**WHAT YOU HAVE TO DO**
Work through the listing below and give again exactly the lines from the one with "Aro toallero de" to the one with "- Sachet Pink", both ends included. All other lines and all pictures stay out.

**PROVIDED ENTRIES**
┄┄┄┄┄┄

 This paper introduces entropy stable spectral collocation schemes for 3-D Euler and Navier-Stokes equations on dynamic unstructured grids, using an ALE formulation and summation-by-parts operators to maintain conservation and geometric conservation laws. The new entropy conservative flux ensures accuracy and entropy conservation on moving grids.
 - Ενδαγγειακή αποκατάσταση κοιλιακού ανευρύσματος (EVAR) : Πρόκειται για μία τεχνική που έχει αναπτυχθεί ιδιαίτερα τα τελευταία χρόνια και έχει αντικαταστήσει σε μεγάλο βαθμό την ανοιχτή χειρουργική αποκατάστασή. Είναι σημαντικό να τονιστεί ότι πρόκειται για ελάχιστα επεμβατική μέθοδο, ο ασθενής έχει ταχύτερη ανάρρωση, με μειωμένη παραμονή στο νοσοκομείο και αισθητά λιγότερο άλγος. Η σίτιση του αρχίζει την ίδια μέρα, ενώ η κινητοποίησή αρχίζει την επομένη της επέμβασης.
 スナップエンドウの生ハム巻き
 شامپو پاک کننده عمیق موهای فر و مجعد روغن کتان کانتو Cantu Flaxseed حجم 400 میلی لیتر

┄┄┄┄┄┄

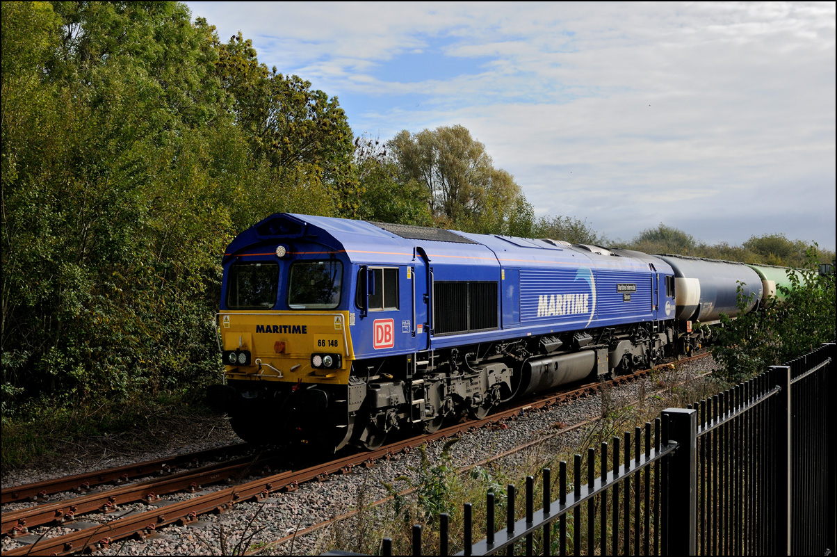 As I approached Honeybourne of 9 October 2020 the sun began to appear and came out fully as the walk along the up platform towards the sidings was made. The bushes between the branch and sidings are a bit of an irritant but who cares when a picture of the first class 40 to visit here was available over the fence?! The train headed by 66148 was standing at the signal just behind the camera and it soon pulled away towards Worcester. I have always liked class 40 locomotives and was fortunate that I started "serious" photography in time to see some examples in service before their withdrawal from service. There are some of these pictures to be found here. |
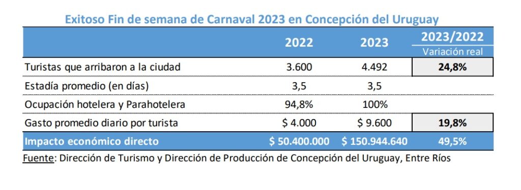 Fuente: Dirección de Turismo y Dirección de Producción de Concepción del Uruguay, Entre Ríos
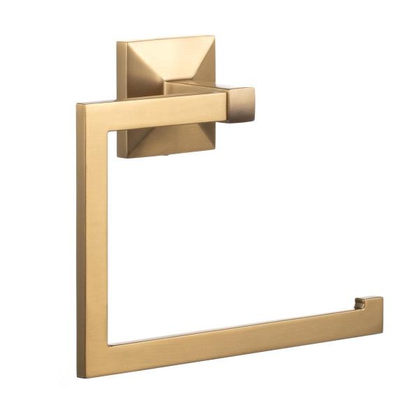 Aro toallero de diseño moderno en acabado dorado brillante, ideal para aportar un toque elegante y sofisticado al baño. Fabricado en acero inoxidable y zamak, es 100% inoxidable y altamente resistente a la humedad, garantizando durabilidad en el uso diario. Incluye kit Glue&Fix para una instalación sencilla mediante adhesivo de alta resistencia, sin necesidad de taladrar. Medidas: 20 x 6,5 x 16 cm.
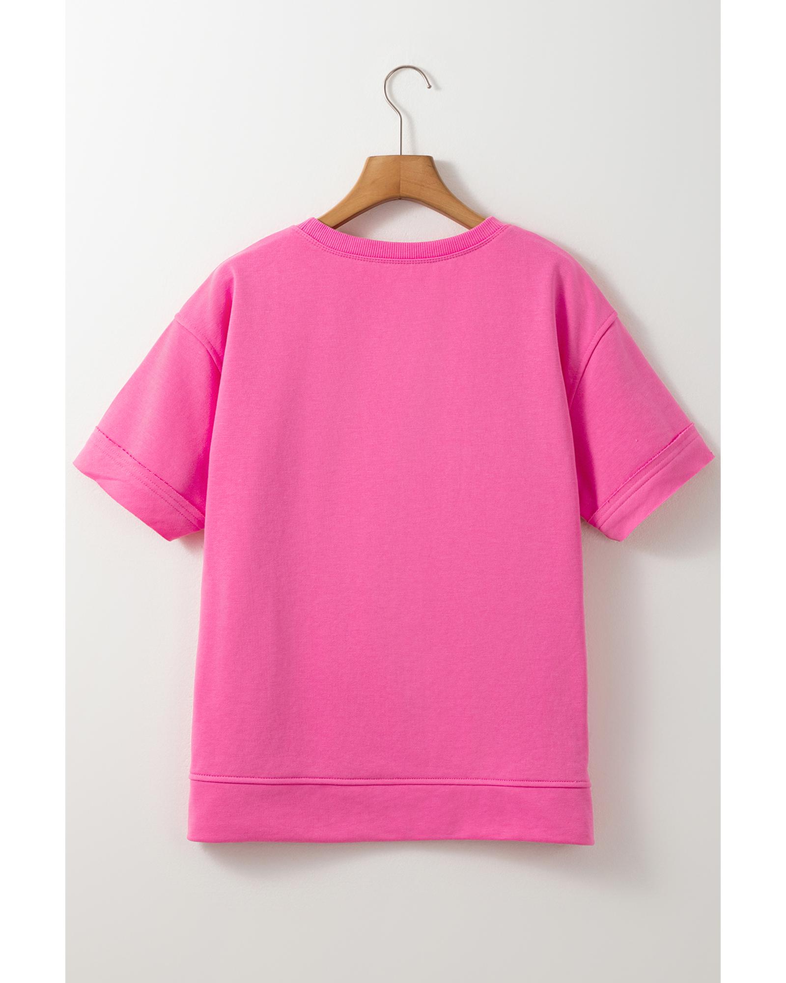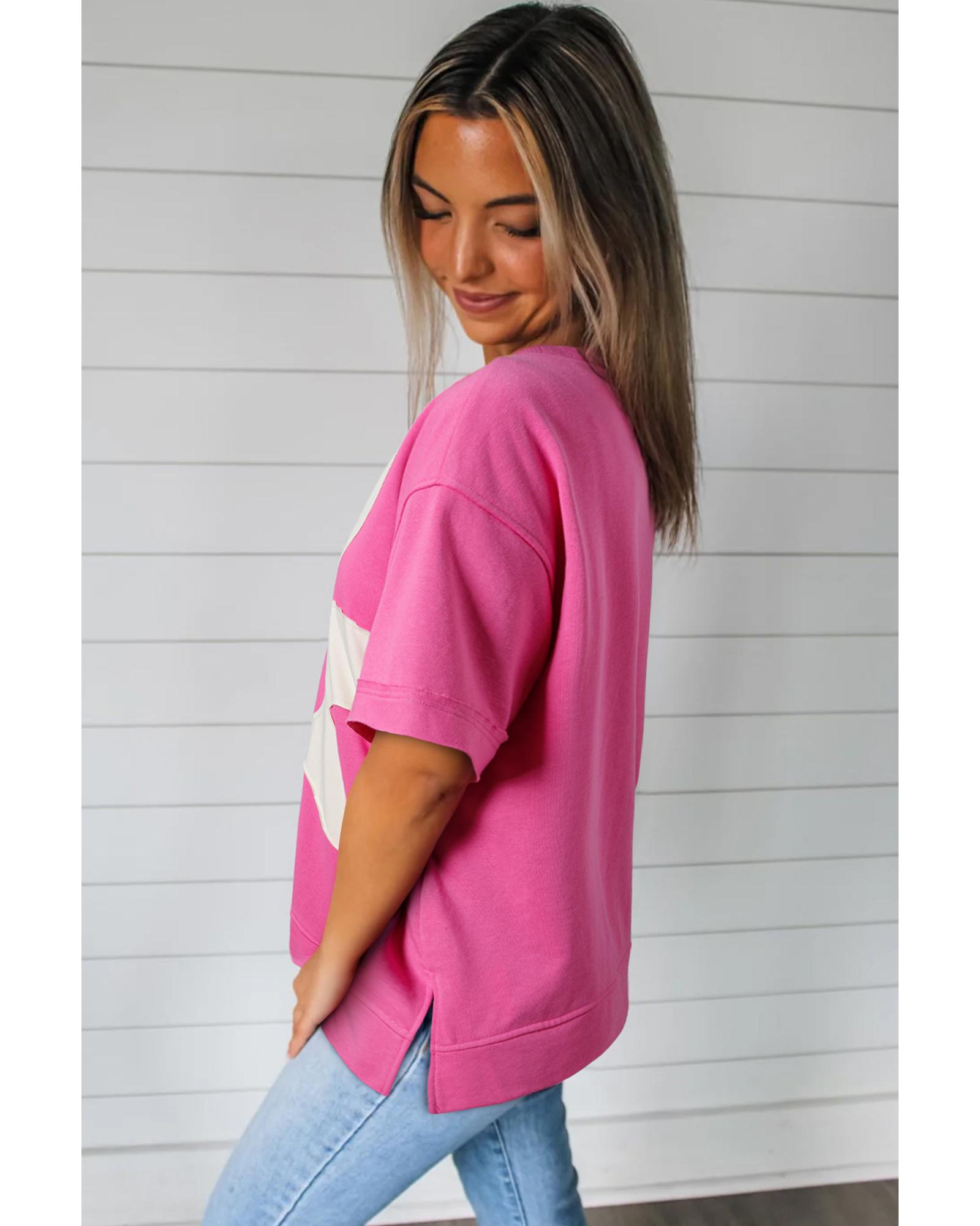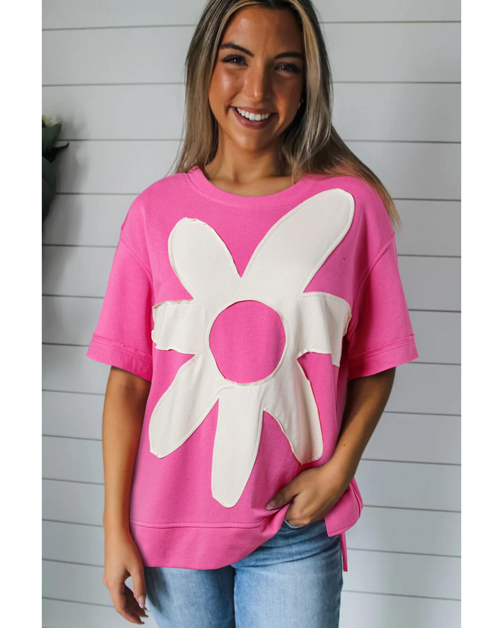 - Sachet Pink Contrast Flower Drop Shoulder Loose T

┄┄┄┄┄┄

**WRITTEN REPLY**
 Aro toallero de diseño moderno en acabado dorado brillante, ideal para aportar un toque elegante y sofisticado al baño. Fabricado en acero inoxidable y zamak, es 100% inoxidable y altamente resistente a la humedad, garantizando durabilidad en el uso diario. Incluye kit Glue&Fix para una instalación sencilla mediante adhesivo de alta resistencia, sin necesidad de taladrar. Medidas: 20 x 6,5 x 16 cm.
 - Sachet Pink Contrast Flower Drop Shoulder Loose T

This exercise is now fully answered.